The six largest Spanish construction companies are fined for rigging public tenders


The companies agreed conditions and collaborations in the presentation to public tenders from 1982 to 2017.

(7-7-2022). The six main Spanish construction companies have been fined by the National Commission of Markets and Competition (CNNC) with 203.6 million euros for agreeing their offers in public tenders for 25 years.

The National Commission of Markets and Competition (CNMC) has fined six of the largest Spanish construction companies 203.6 million euros for altering competition in infrastructure construction tenders for more than 25 years.

The sanctioned companies are Acciona Construction, Dragados, FCC Construction, Ferrovial Construction, Obrascón Huarte Lain (OHL) and Sacyr Construction, as announced by the CNMC.

“Since 1992, the companies met weekly and decided on the public contracts in which they were going to share technical works from their offers,” says the CNMC, which has observed that “they also exchanged information about their presentation strategy” to calls for hospitals, ports, airports and highways, among other infrastructures of general interest.

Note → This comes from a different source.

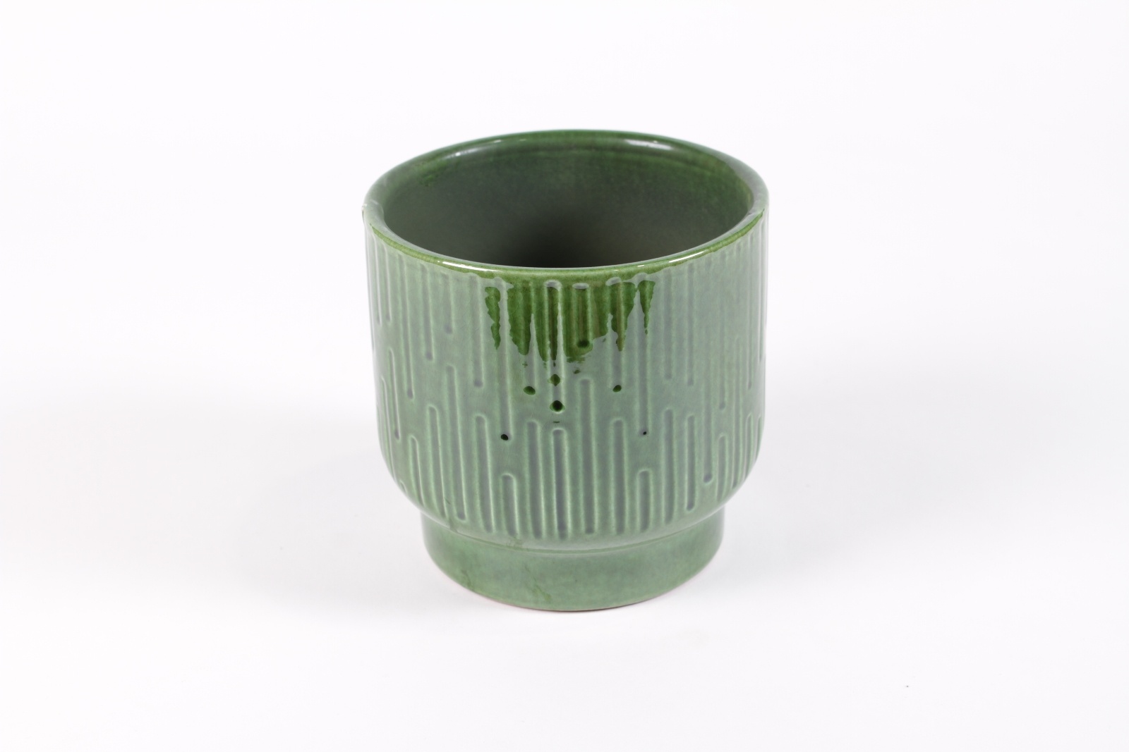 Cache-pot en céramique vert brillant avec un motif de rayures verticales diamètre 17cm hauteur 15cm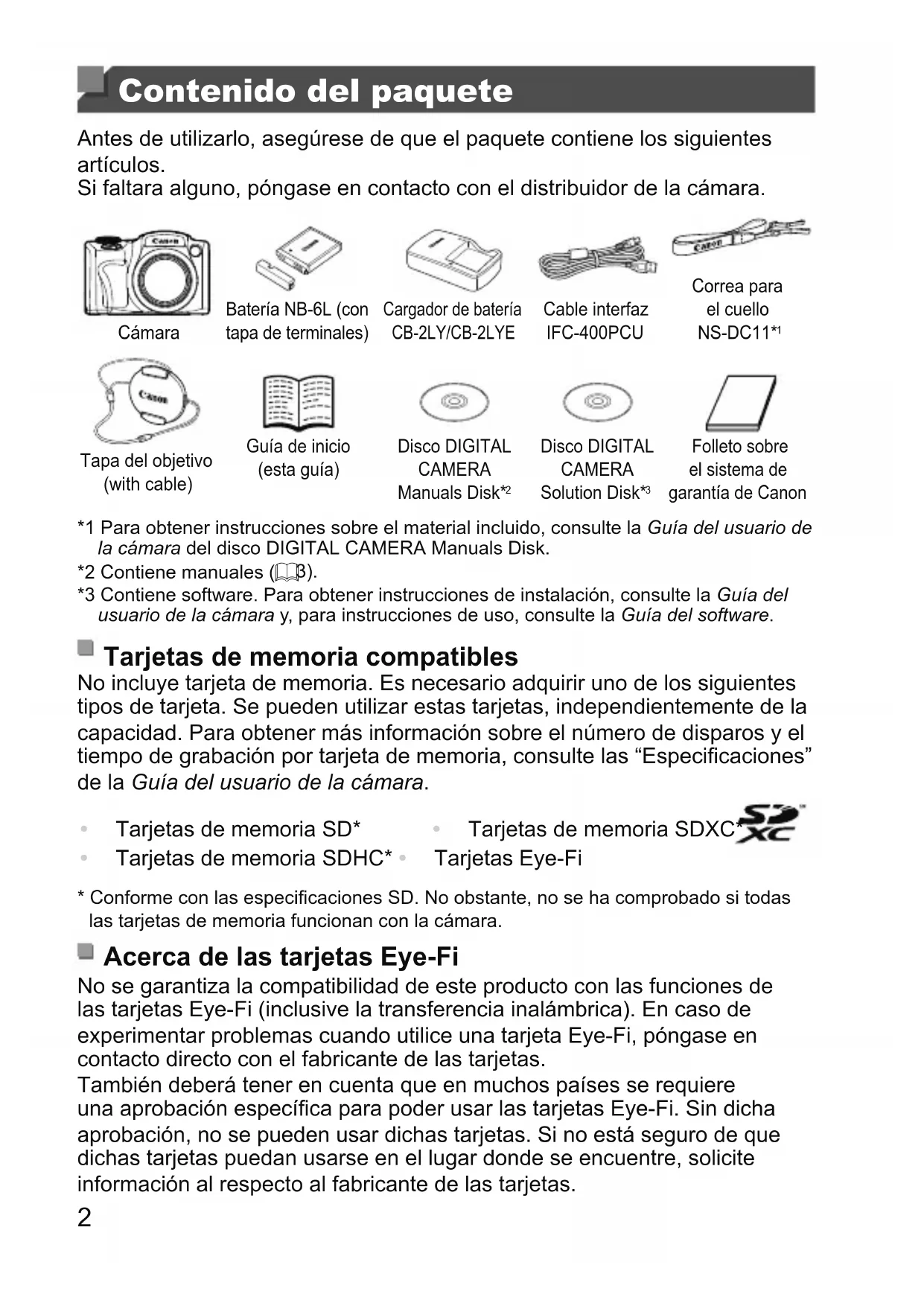 Folleto sobre el sistema de garantía de Canon *1 Para obtener instrucciones sobre el material incluido, consulte la Guía del usuario de la cámara del disco DIGITAL CAMERA Manuals Disk. *2 Contiene manuales (= 3). *3 Contiene software. Para obtener instrucciones de instalación, consulte la Guía del usuario de la cámara y, para instrucciones de uso, consulte la Guía del software. Tarjetas de memoria compatibles No incluye tarjeta de memoria. Es necesario adquirir uno de los siguientes tipos de tarjeta. Se pueden utilizar estas tarjetas, independientemente de la capacidad. Para obtener más información sobre el número de disparos y el tiempo de grabación por tarjeta de memoria, consulte las “Especicaciones” de la Guía del usuario de la cámara.

The conduct constitutes a very serious infringement of articles 1 of Law 15/2007, of July 3, on the Defense of Competition and 101 of the Treaty on the Functioning of the European Union. In this case, these are practices whose effects have been “particularly harmful to society, since they affected thousands of tenders called by Spanish public administrations” for the construction and building of infrastructures.

Among the affected administrations are mainly those belonging to the field of development, including the Ministry of Development (current Ministry of Transport, Mobility and Urban Agenda) together with its agencies and dependent public business entities.

weekly meetings

Competition explained that, since 1992, the group met weekly to analyze the public works tenders that had been published on different State contracting platforms.

In the meetings, the companies decided on the tenders in which they were going to share -among all or in a subgroup- part or all of the works that would make up the technical offers of the tenders. The works were commissioned jointly by the members of the group to external companies.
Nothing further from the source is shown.